21:13valentine: I'm always somewhat reluctant to recommend it.
21:16anholt: 15 minutes to generate a truncated patch that doesn't apply.
21:18valentine: your --local-clone needs to be checked out to the target branch
21:27daniels: yeah, those really need to bubble up the list; you need to pass non-obvious options to get the behaviour you want unless you're a special-purpose script
21:29daniels: `ci-collate patch --local-clone $(pwd) --branch $(git branch --show-current) --patch-name ${name-of-output-you-want}.diff ${pipeline_id}` is what you're after
21:48sergi: If you add --artifacts */failurescsv it is much more conservative on preparing a patch
21:49karolherbst: okay.. how can I force softpipe these days..
21:53karolherbst: but I also have tests failing in CI with software for an MR that doesn't even touch anything softpipe would run into.. maybe something else is going on...
21:59anholt: sergi: do you mean failures.csv.zst?
21:59anholt: oh, not zst, results is the one that's zstd
22:08sergi: results are usually compress with zst, but failures is usually small and don't need compression. I miss a dot to the extension in the previous message
22:11sergi: you can specify the artifact from where it takes the information about expectations. The */ at the beginning is to use a feature of ci-collate to search in the artifacts for the file you are interested. That's because this file is not always in the same path.

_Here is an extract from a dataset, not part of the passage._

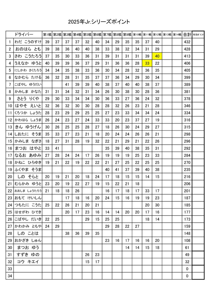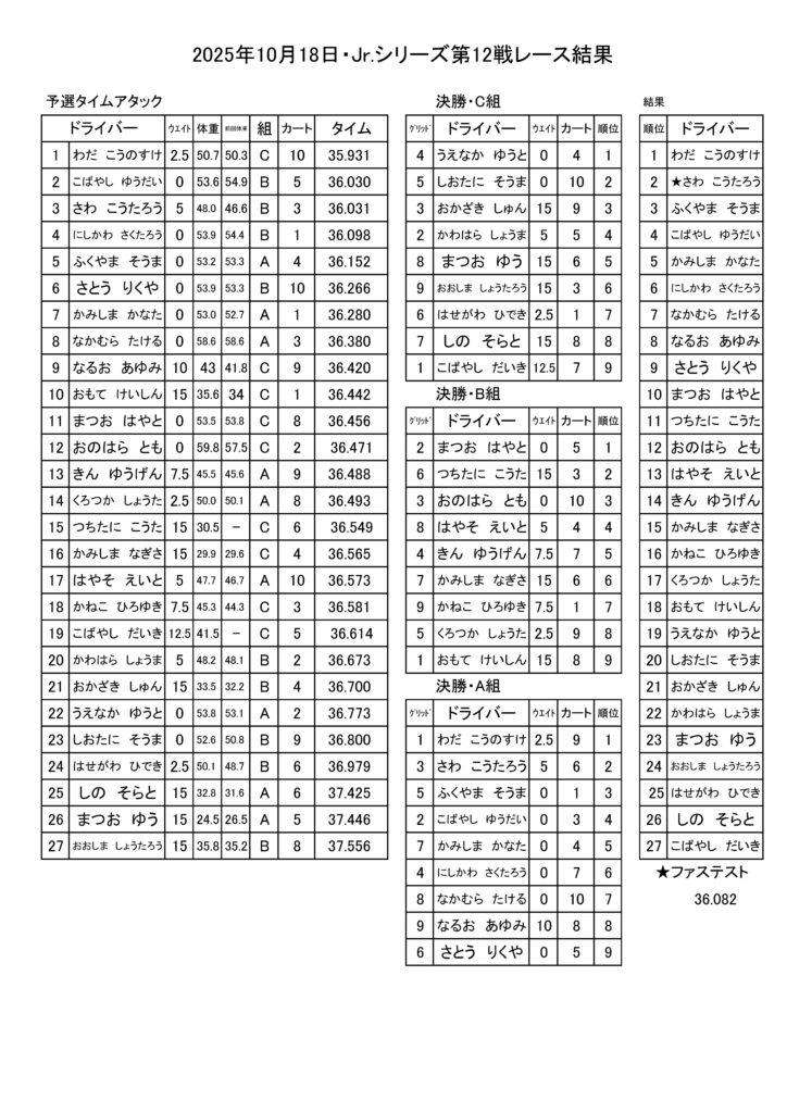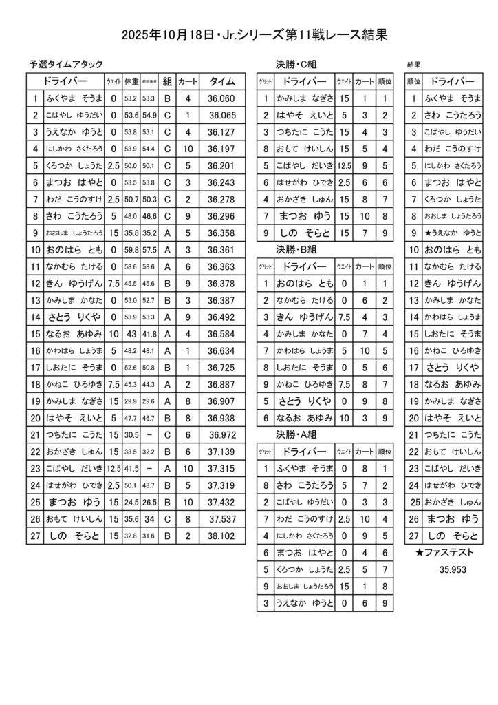 10月19日に開催しました2025年ジュニアシリーズ・スーパージュニアシリーズ第11戦・第12戦の結果です。

22:14sergi: also using failures.csv the memory usage will be smaller. The need to use of the results.csv.zst produces an important impact on the memory used (where I need to work to improve it). Work in parallel between the jobs in the pipeline, doesn't help much.

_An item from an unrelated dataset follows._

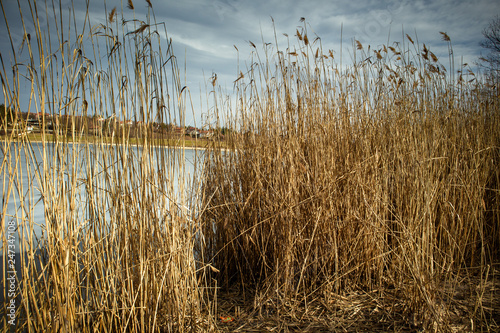 © Milan, Obraz premium Dry reed by the frozen lake. Beautiful sunny winter day.

22:16anholt: really need to fix whatever it is that's driving you to use results.csv (flakes, I'm guessing?)
22:18sergi: Yes, this comes from a request to process the flakes. And that opened the door for multiple interpretations about what different people do when manually process those files
22:20anholt: so, you need a patch to deqp-runner to also output a flakes.txt so you don't have to download the massive file. maybe just have flakes listed in failures.txt -- I think it'll all work out for the "use failures.txt as the baseline+includes for a rerun" usecase.
22:24sergi: yes, that can help. And I also need time ;) I think I didn't work on that project for the last 3 months. Perhaps last merge is even older.
22:30pta2002: So I've run through the cts for the g78 and there are 15 or so total test failures, seemingly related to image compression? (dEQP-GLES3.functional.texture.compressed.astc.block_size_remainder.*) however unfortunately I've got no idea if this is the same thing causing the rendering glitches. The generated images are just black squares so that doesn't help me that much I guess. Only pointers I've got are that this seems to happen consistently
22:30pta2002: with transparency, or with rapidly moving images (in which case it then seems to pass after a bit). I've looked at the mali kbase driver and the one different thing between the g57 and g78 is that the g78 has some different settings in the mmu, which does not seem to be exposed at all on panfrost from a quick glance. Could this be the reason
22:30pta2002: * So I've run through the cts for the g78 and there are 15 or so total test failures, seemingly related to image compression? (dEQP-GLES3.functional.texture.compressed.astc.block\_size\_remainder.\*) however unfortunately I've got no idea if this is the same thing causing the rendering glitches. The generated images are just black squares so that doesn't help me that much I guess. Only pointers I've got are that this seems to happen
22:30pta2002: consistently with transparency, or with rapidly moving images (in which case it then seems to pass after a bit). I've looked at the mali kbase driver and the one different thing between the g57 and g78 is that the g78 has some different settings in the mmu, which does not seem to be exposed at all on panfrost from a quick glance. Could this be the reason?
22:31alyssa: pta2002: -> #panfrost
22:31pta2002: Didn't know about that channel, thanks, will ask there
23:59daniels: anholt: why separate value-per-line files rather than one file?